Assemblymember Al Muratsuchi, a Democrat representing the South Bay of Los Angeles, introduced Assembly Bill 272, saying that cell phones are a distraction and interfere with students’ learning. It would allow schools to determine their own phone policies. Some school districts in the state have already banned cell phones.

That they may draw too much of the students’ attention is not the only justification given for restricting the usage of phones at school.

The bill states: “There is growing evidence that unrestricted use of smartphones by pupils at elementary and secondary schools during the school day interferes with the educational mission of the schools, lowers pupil performance, particularly among low-achieving pupils, promotes cyberbullying, and contributes to an increase in teenage anxiety, depression, and suicide.”

Not everyone agrees, however, that phones are such a nuisance.
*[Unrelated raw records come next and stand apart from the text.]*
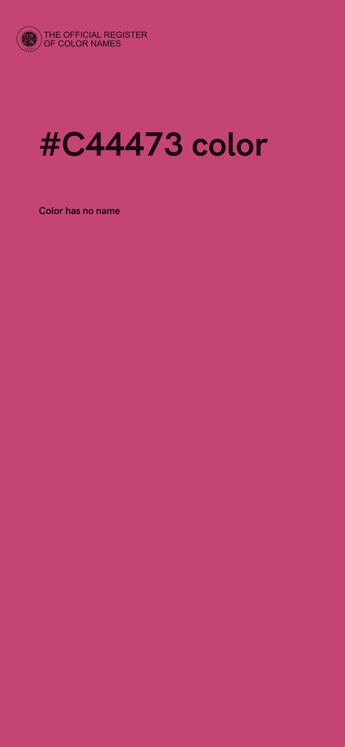 For printing in non digital world, #C44473 is represented in CMYK as 0 Cyan, 50 Magenta, 32 Yellow, and 23 Black (Key) (C:0 M:50 Y:32 K:23).
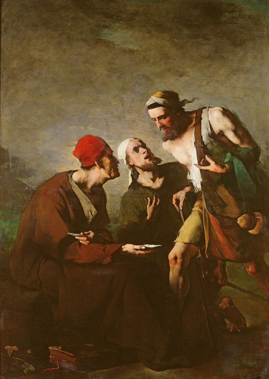 male · group · litigant · holding · oysters · pilgrim · pilgrims · story · tale · talking · conversing · dispute · shell · shells · traveller · travellers · Musee des Beaux-Arts, Caen, France / Bridgeman Images |
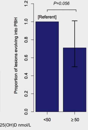 Results: A total of 3789 new lesions developed over the 5 year follow-up period with 383 developing into PBHs. Average 25(OH)D levels were significantly inversely correlated with the number of PBHs from the 6-month to five-year MRI; patients with serum 25(OH)D levels ≥50 nmol/L experienced a 55% lower absolute rate of PBHs (95% CI: 0.29 to 0.71; P=0.006) than those < 50 nmol/L. We also observed a marginal association between serum 25(OH)D and the proportion of T2 lesions evolving into PBHs (0.71; 95% CI: 0.50 to 1.01; P=0.056, comparing patients with ≥50 nmol/L vs those < 50 nmol/L). We found generally similar associations between patients with serum 25(OH)D levels ≥50 nmol/L and the number of each of the 4 lesion types at presentation (for any T1-hypointense lesions: 0.54; 95% CI:0.54-0.91; for T1-isointense lesions: 0.63; 95% CI:0.47-0.85; for nodular Gd+ lesions: 0.67; 95% CI:0.47-0.98; for ring-like-Gd+ lesions: 0.79; 95% CI: 0.47-1.35).

While many teachers would surely welcome a decrease in distractions, other people argue that the devices are sometimes necessary.
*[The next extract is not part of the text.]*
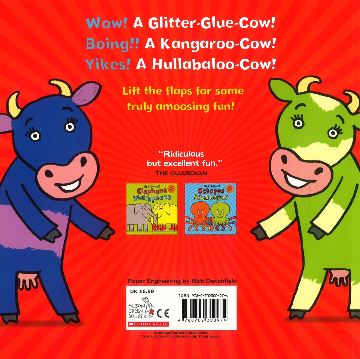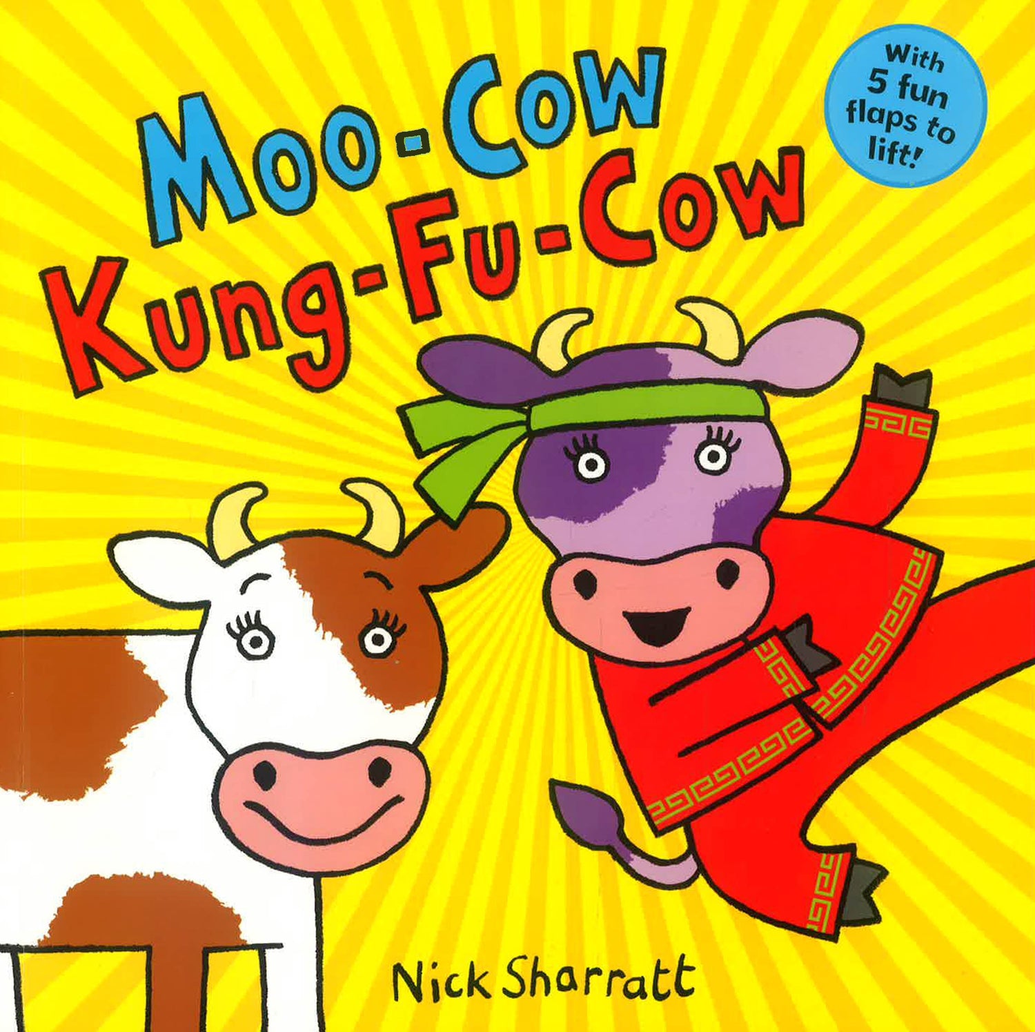 Wow! A Kung-Fu Cow! Yikes! A Tattoo-Cow. Boing! A Kangaroo-Cow. Which moo jumps out at you? Tug the tabs and lift the five chunky flaps of this brilliant novelty picture book to see a herd of hilarious moo-cows doing all sorts of a-moosing things! There's a cool cow for everyone in this comic masterpiece, a fantastically colourful sequel to the hugely popular Octopus Socktopus and Elephant Wellyphant by Nick Sharratt, one of Britain's best-loved illustrators. With superb, satisfying novelty features: pull-tabs, pop-ups and flaps, appealing illustrations hilarious wordplay Children will love poring over these fun-filled pages, and laughing at all the puns. Two titles in this series, Elephant Wellyphant and Octopus Socktopus were shortlisted for the Roald Dahl Funny Prize Nick Sharratt is one of the UK's favourite and most acclaimed illustrators. His much-loved titles include the hugely popular Ketchup On Your Cornflakes and the Christmas version, Ketchup on Your Reindeer, The Cat and the King and the You Choose series. He is also the illustrator of the bestselling novels by Jacqueline Wilson and has won every major award for his illustration. Nick has even been presented with a gold Blue Peter badge!

“I’d say I need my phone in school,” Charles Robinson, a Richmond High senior, said. “Whenever the [school] laptops don’t work, I can use my phone. People need to message me. I need to check emails, or just in case of a family emergency.”

Having a phone isn’t always a matter of necessity for Robinson, who also says it gives him “something to do.”
While there are legitimate reasons for students to have their phones readily accessible to them at school, those don’t account for the only times they are used, which is how they can become a distraction.
Luis Chacon, a Richmond High teacher, says having phones in the classroom can have many negative effects, including a teacher not engaging enough with students, struggles with phone addiction, or a student constantly checking their phone because of something going on in his or her life.
He also thinks that educators such as himself need to be aware of what’s going with their students and consider they might have a good reason for being on their phones. “It’s important to look at the root cause of why the student is on their phone, as frustrating as it might be as a teacher,” Chacon said.
John Ohlmann, another Richmond High teacher, had a different view on the problem.

“In my opinion, whatever it is, you shouldn’t be using your cell phone in my class,” he said. “Call me old-fashioned. If I can wave a magic wand and all cell phones would disappear, I’d do it.”

Not all students would be likely to object if phones were indeed to vanish from class time. Some say they just don’t need to have them during most school days.

Brenda Aceves Limon, a Richmond High freshman, says if phones were banned, she would be more focused in school. She doesn’t think the ban would affect her much.
“I don’t need my phone at all times,” she said. “I only need it in school to call my parents.”

AB 272 passed the Assembly Education Committee in April, then passed the Appropriations Committee and Assembly floor. The bill now awaits a vote in the Senate.